Records for the exercise:

Segment Open

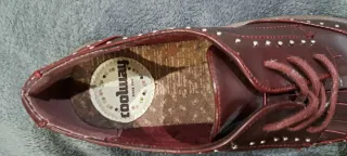 Zapatos estilo Oxford de mujer. - Color burdeos con detalles plateados. - Adorno de flecos en la pala. - Cordones a tono.
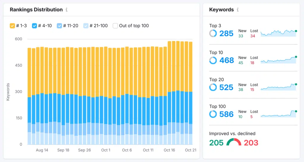 Use a tool like Semrush’s Position Tracking to track your rivals’ position changes. (You can also use this tool to track your site’s rankings.)
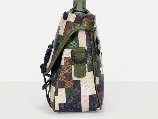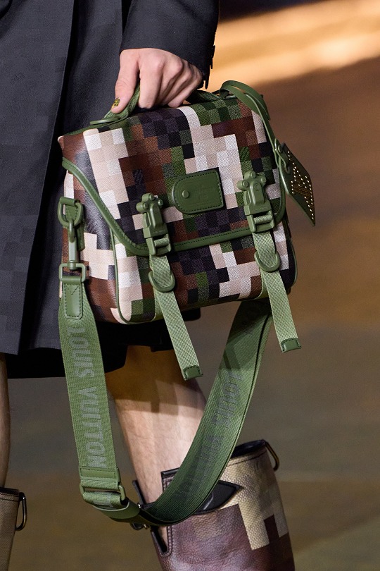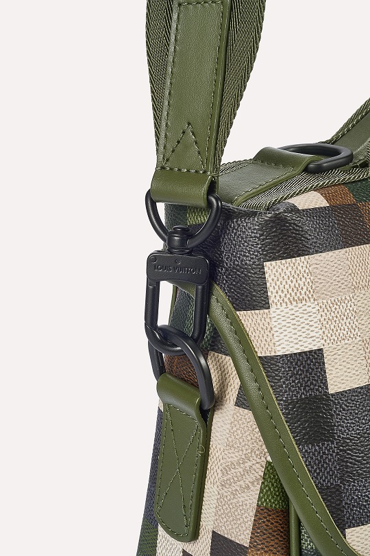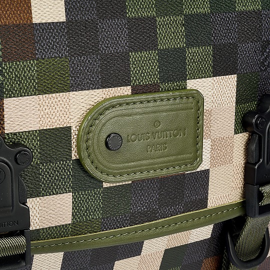 The overall tone of the bag is green, beige and gray-black. The black hardware accessories and green leather trims are calm and handsome. The LV logo made of gold round nails is decorated on the detachable leather tag, adding a touch of dandy gentleman style to the bag, which is also the detail that most reflects Pharrell's personal style.
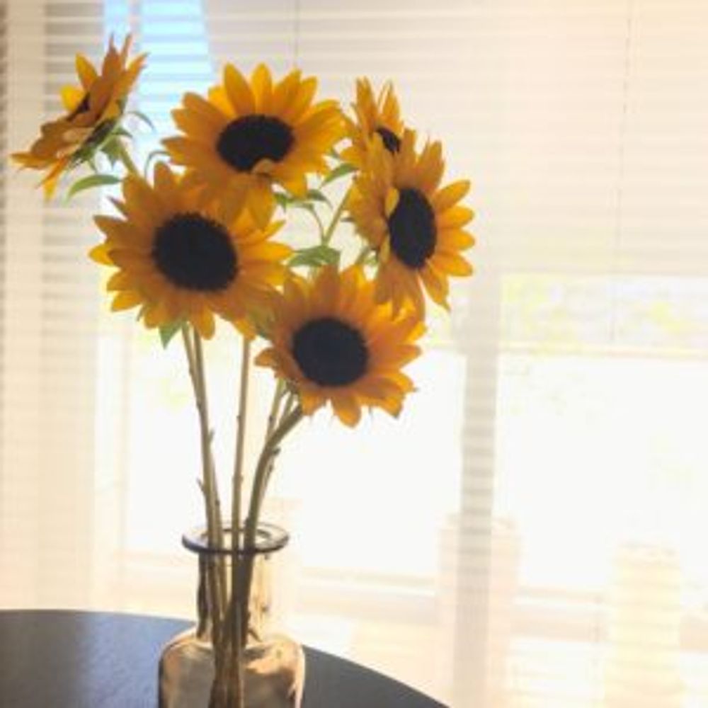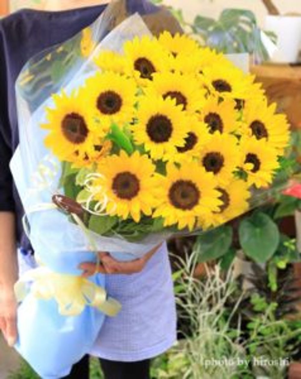 花粉が出ないように改良されているので、テーブルを汚す事がない画期的なひまわり。
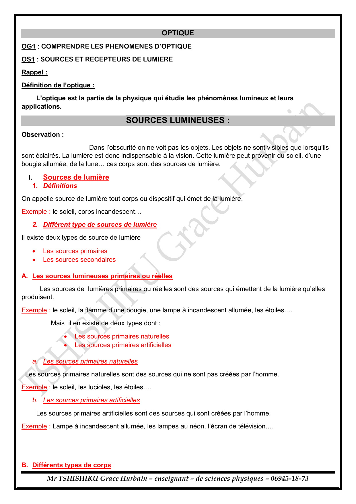 OS1 : SOURCES ET RECEPTEURS DE LUMIERE
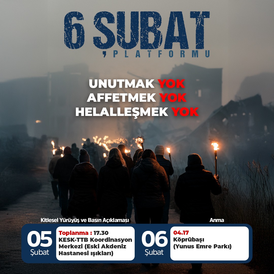 🕤 Saat: 21:30Hafızamızdan silinmeyecek bu büyük acıyı birlikte paylaşmak için sizleri de bekliyoruz. #Unutmayacağız #6Şubat pic.twitter.com/Uyelkao19U
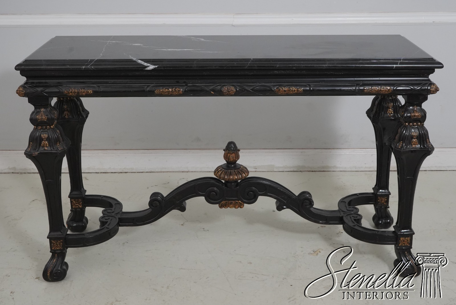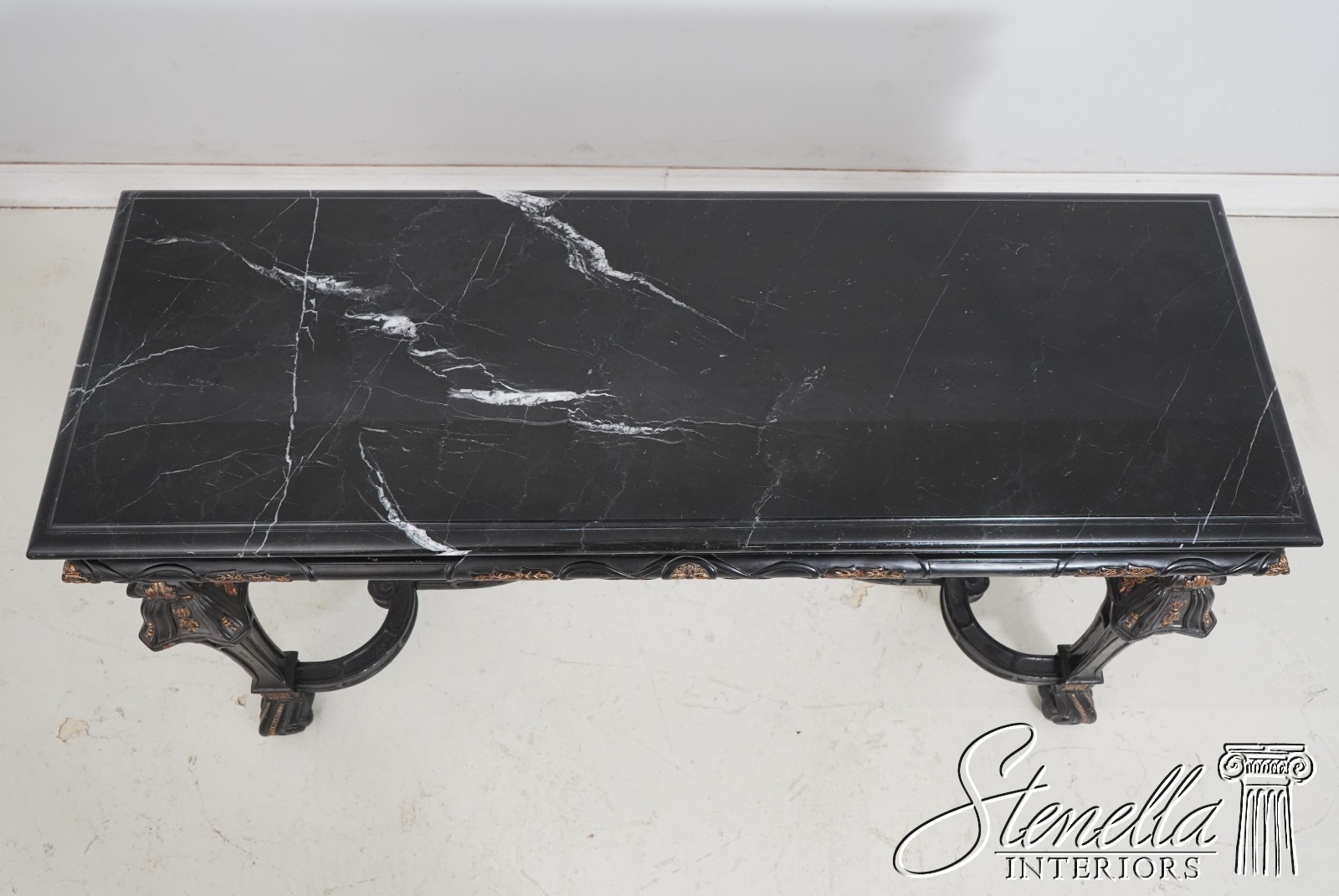 L69062: MARGE CARSON Black Marble Top Continental Console Table
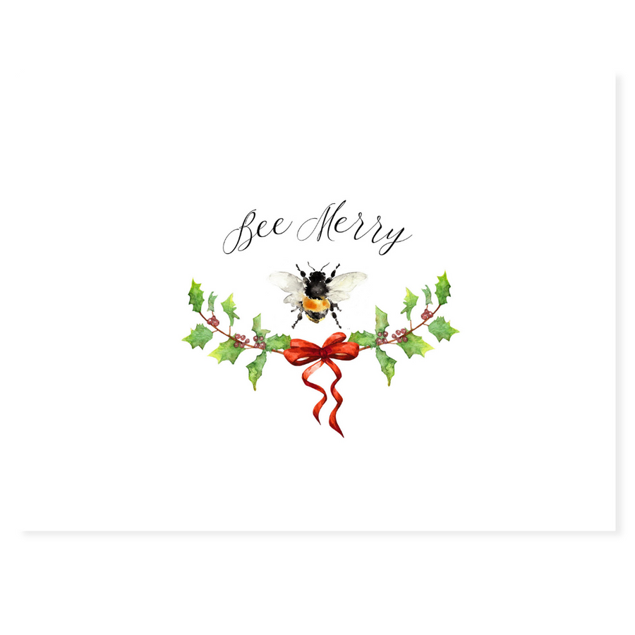 This collection of 10 folded note cards showcases a charming watercolor bee perched above a holly arrangement tied with a festive red bow. Spread holiday cheer with these delightful Bee Merry cards!
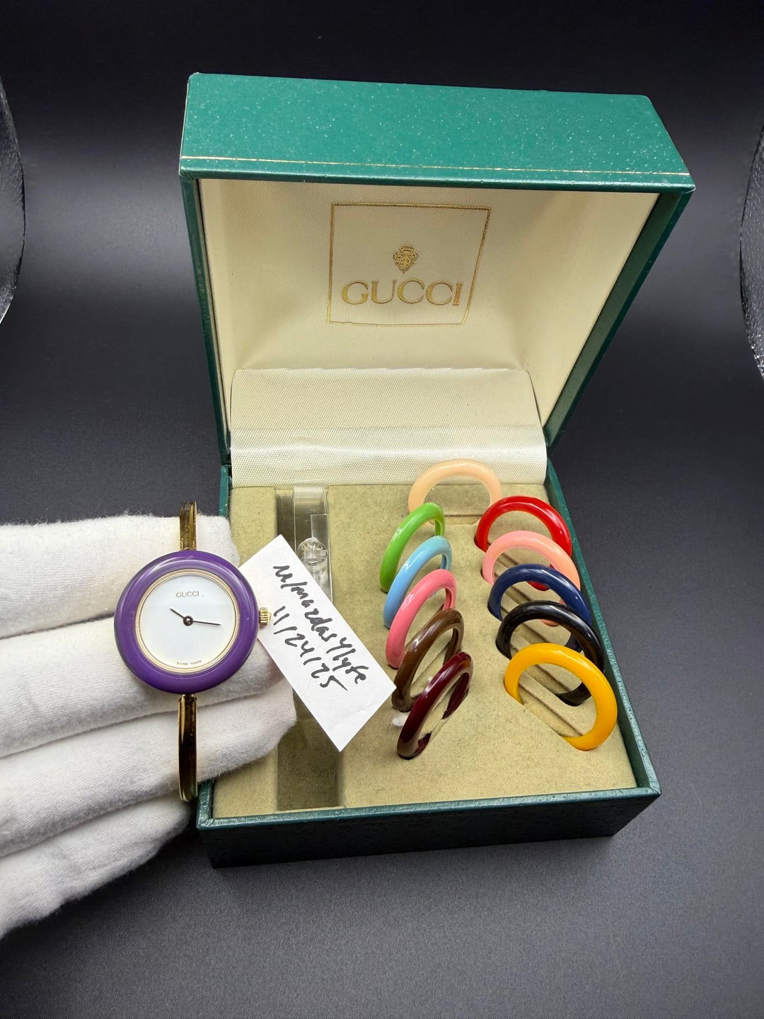 ![[WTS/WTT] Gucci 11/12.2 (1100L) Interchangeable Bezel Bangle Watch with Original Box and Bezels 5](https://cdn-cf.watchpatrol.net/600x600/img/full/28a8869333a5724d459f95a52332221761551ac1.jpg)

Segment Closed

Work task: Copy, exactly and exclusively, the lines beginning with the one that contains "花粉が出ないように改良されているので、テーブルを汚す事がない画期的なひまわり。" and ending with the last line of the listing; pictures are to be omitted.

Reply to the task:
 花粉が出ないように改良されているので、テーブルを汚す事がない画期的なひまわり。
 OS1 : SOURCES ET RECEPTEURS DE LUMIERE
 🕤 Saat: 21:30Hafızamızdan silinmeyecek bu büyük acıyı birlikte paylaşmak için sizleri de bekliyoruz. #Unutmayacağız #6Şubat pic.twitter.com/Uyelkao19U
 L69062: MARGE CARSON Black Marble Top Continental Console Table
 This collection of 10 folded note cards showcases a charming watercolor bee perched above a holly arrangement tied with a festive red bow. Spread holiday cheer with these delightful Bee Merry cards!
 ![[WTS/WTT] Gucci 11/12.2 (1100L) Interchangeable Bezel Bangle Watch with Original Box and Bezels 5](https://cdn-cf.watchpatrol.net/600x600/img/full/28a8869333a5724d459f95a52332221761551ac1.jpg)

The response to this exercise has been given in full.